Fetching genomic sequence efficiently in Python?

Question

How can I fetch genomic sequence efficiently using Python? For example, from a .fa file or some other easily obtained format? I basically want an interface fetch_seq(chrom, strand, start, end) which will return the sequence [start, end] on the given chromosome on the specified strand.

Analogously, is there a programmatic python interface for getting phastCons scores?

thanks.

score 4 · Answer 1 · answered Dec 04 '12 at 01:45

Retrieving sequence data from large human chromosome files can be inefficient memory-wise, so if you're looking for computational efficiency you can format the sequence data to a packed binary string and lookup based on byte location. I wrote routines to do this in perl (available here ), and python has the same pack and unpack routines - so it can be done, but only worth it if you're running in to trouble with large files on a limited machine. Otherwise use biopython SeqIO

score 2 · Accepted Answer · answered Jul 07 '10 at 11:27

2

See my answer to your question over at Biostar:

http://biostar.stackexchange.com/questions/1639/getting-genomic-sequences-and-phastcons-scores-using-python-from-ensembl-ucsc

Use SeqIO with Fasta files and you'll get back record objects for each item in the file. Then you can do:

region = rec.seq[start:end]

to pull out slices. The nice thing about using a standard library is you don't have to worry about the line breaks in the original fasta file.

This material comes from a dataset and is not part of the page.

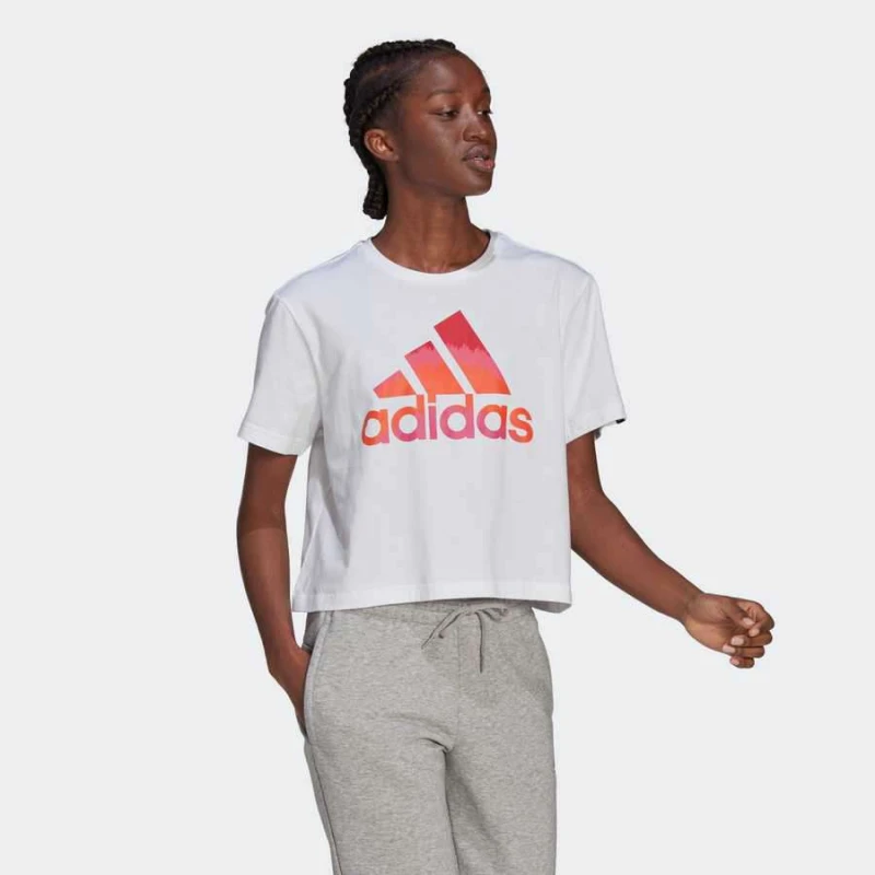 Adicione um toque do estilo tie-dye ao seu guarda-roupa com esta camiseta cropped adidas, feita em parceria com a FARM Rio.

answered Jul 07 '10 at 11:27

Brad Chapman

395
1
7

1

I agree that this approach is really elegant because you have a standard library to use but I found it to be very slow. If you assume a fasta file with no newlines, you can simply "seek" the coordinates in the file which I think is much faster, and it doesn't require you to load all the fasta files from every chromosome into memory. Is there a way to achieve the same kind of efficiency with a standard library like biopython? thanks. – Jul 08 '10 at 02:12
It's not exactly clear what you are looking for, but I agree that a custom solution tailored to your specific files will be faster than a more general solution. In practice most FASTA files have line breaks and what not, so I prefer being general but your experience may vary. – Brad Chapman Jul 08 '10 at 14:08
I know this is an old thread, but I'm hoping someone else will notice and bring up more recent news. Samtools (samtools.sourceforge.net) has a function called faidx that allows you to do exactly this on the command line. Pysam (https://github.com/pysam-developers/pysam) wraps many of the samtools methods, but I can't seem to get the faidx function to work. :P At worst, I can wrap the commandline tool, but I'd like something "native" if possible. – Gordon Bean Oct 09 '14 at 23:57

score 1 · Answer 3 · answered Jul 07 '10 at 04:11

1

Take a look at biopython, which has support for several gene sequence formats. Specifically, it has support for FASTA and GenBank files, to name a couple.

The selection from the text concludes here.